De beoordeling door de rechtbank
De rechtbank is van oordeel dat er een te ver verwijderd verband bestaat tussen het bewezenverklaarde handelen (het wegbrengen van een van de overvallers) door verdachte en de door de benadeelde partij gevorderde schade. Het handelen van verdachte heeft niet rechtstreeks bijgedragen aan het ontstaan van de schade.

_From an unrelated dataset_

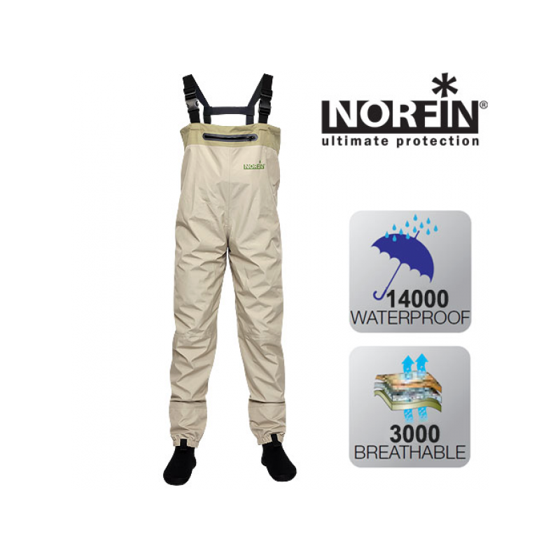 Kahlamispüksid NORFIN WHITEWATER on valmistatud kolmekihilisest “hingavast” membraankangast ning varustatud neopreensokkidega. Õige riietusega kahlamispükste all (hingavad materjalid, termopesu, fliisjope) kogutakse kehaniiskus membraankanga sisemise osa peale ning seejärel juhitakse välja.
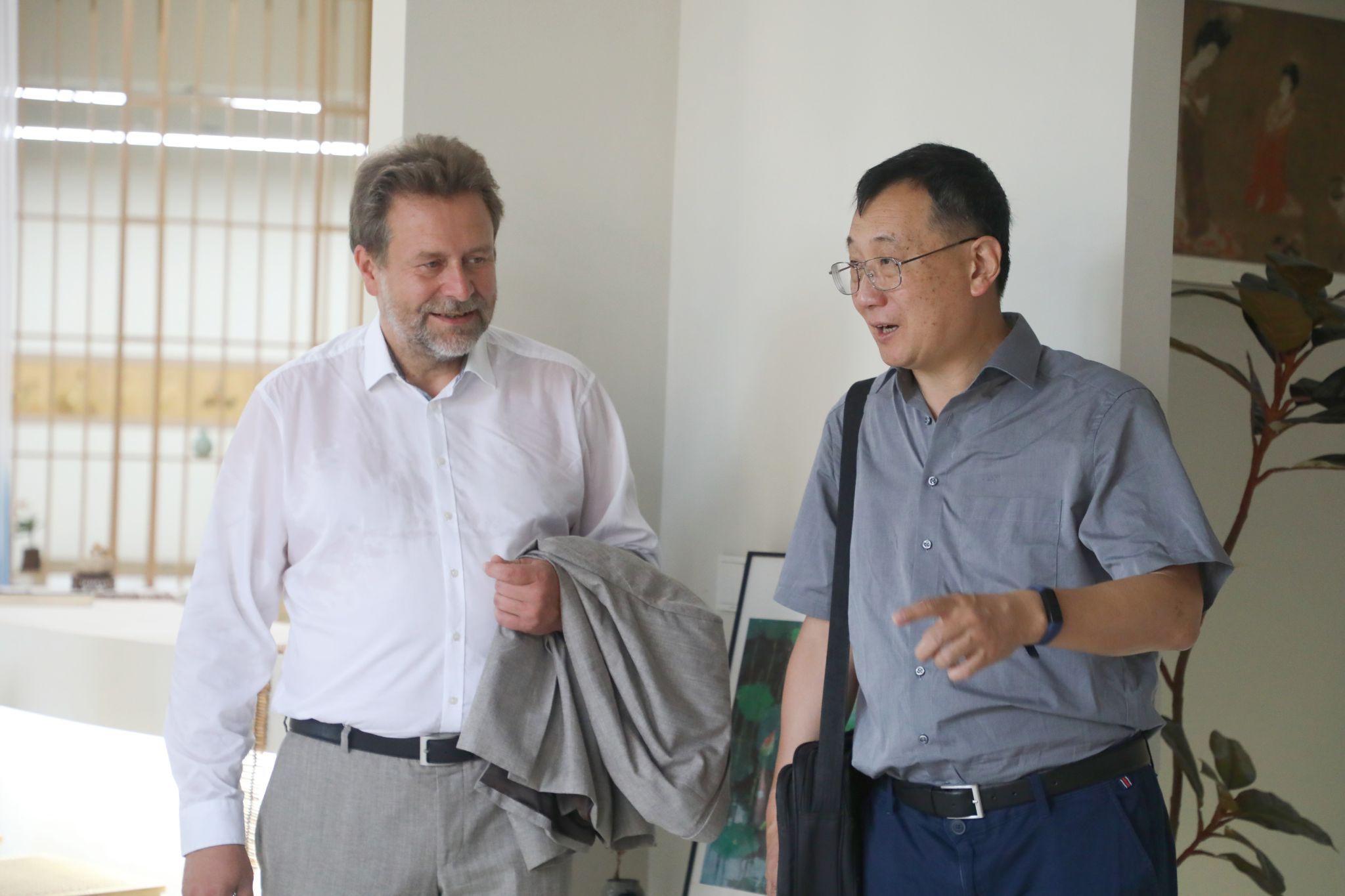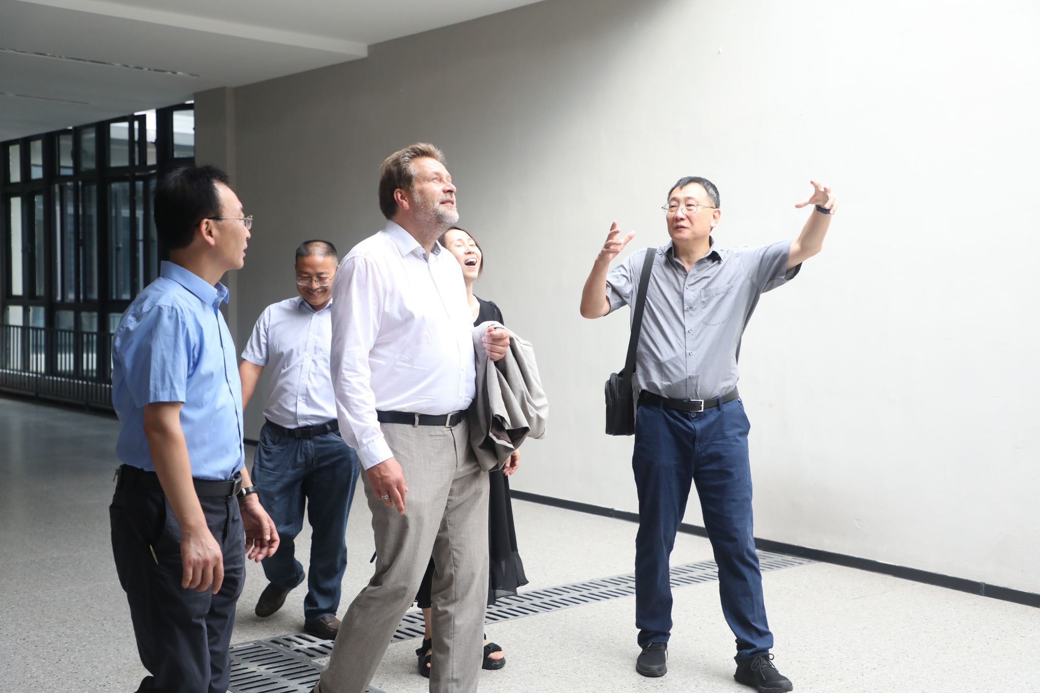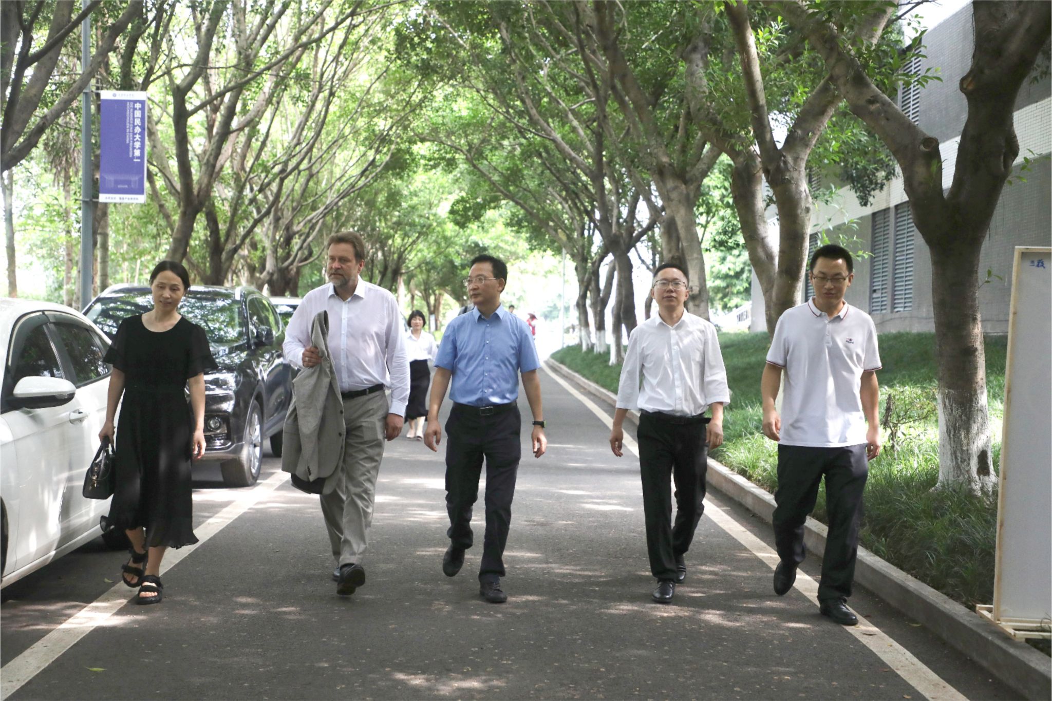 德国茨维考西萨克森应用技术大学Jan Schubert教授二人在吕翊校长陪同下先后参观了钓鱼城科幻学院云端艺术特区、双体卓越人才教育基地、创新创业先锋班、智能工程学院实训室及南湖书院。

De rechtbank zal om die reden de benadeelde partij niet-ontvankelijk in de vordering verklaren.

9.De toegepaste wettelijke bepalingen

De oplegging van de straf is gegrond op de artikelen 48, 49, 77a, 77g, 77i en 312 van het Wetboek van Strafrecht.

10.De beslissing

De rechtbank:
 verklaart bewezen dat verdachte het tenlastegelegde, zoals vermeld onder ‘De bewezenverklaring’, heeft begaan;
 verklaart niet bewezen hetgeen verdachte meer of anders is ten laste gelegd dan hierboven bewezen is verklaard en spreekt verdachte daarvan vrij;
 verstaat dat het aldus bewezenverklaarde oplevert het strafbare feit zoals vermeld onder ‘De kwalificatie van het bewezenverklaarde’;
 verklaart verdachte hiervoor strafbaar;
 veroordeelt verdachte wegens het bewezenverklaarde tot:
een jeugddetentievoor de duur van
14 (veertien) dagen;
beveeltdat de tijd die verdachte in verzekering en voorlopige hechtenis heeft doorgebracht, bij de uitvoering van de opgelegde jeugddetentie in mindering zal worden gebracht;
 heft op het – geschorste – bevel voorlopige hechtenis;
Beslissing op de vorderingen van de benadeelde partijen
[benadeelde partij]
 verklaart de benadeelde partij [benadeelde partij] (vertegenwoordigd door [vertegenwoordiger 1] ) niet-ontvankelijk in de vordering tot materiële schade;
Fletcher Hotel Mooi Veluwe
 verklaart de benadeelde partij Fletcher Hotel Mooi Veluwe (vertegenwoordigd door [vertegenwoordiger 2] ) niet-ontvankelijk in de vordering tot materiële schade.
Dit vonnis is gewezen door mr. I.D. Jacobs (voorzitter en kinderrechter), mr. A.A.M. Bögemann en mr. M.C. Gerritsen, kinderrechters, in tegenwoordigheid van mr. E. van Grol, griffier, en uitgesproken ter openbare terechtzitting van deze rechtbank op 20 december 2022.
mr. M.C. Gerritsen is buiten staat dit vonnis mede te ondertekenen.

Voetnoten

1.Het bewijs is terug te vinden in het in de wettelijke vorm door verbalisant [verbalisant] van de politie Oost-Nederland, districtsrecherche Noord- en Oost-Gelderland, opgemaakte proces-verbaal, dossiernummer PL0600-2021554677 gesloten op 6 juni 2022 en in de bijbehorende in wettelijke vorm opgemaakte processen-verbaal en overige schriftelijke bescheiden, tenzij anders vermeld. De vindplaatsvermeldingen verwijzen naar de pagina’s van het doorgenummerde dossier, tenzij anders vermeld.
2.Proces-verbaal van verhoor verdachtes [medeverdachte 2] 25 april 2022, p. 74 – 83; proces-verbaal van verhoor verdachte [medeverdachte 1] 6 april 2022, p. 130 – 146; proces-verbaal van aangifte [benadeelde partij] 27 november 2021, p. 16 – 27; proces-verbaal van aangifte [aangever] 8 december 2021, p. 778 – 779.
3.Proces-verbaal van verhoor verdachte [medeverdachte 2] 25 april 2022, p. 74 – 84.
4.Proces-verbaal van verhoor verdachte [medeverdachte 1] 6 april 2022, p. 142.
5.Proces-verbaal van verhoor verdachtes [medeverdachte 2] 25 april 2022, p. 78.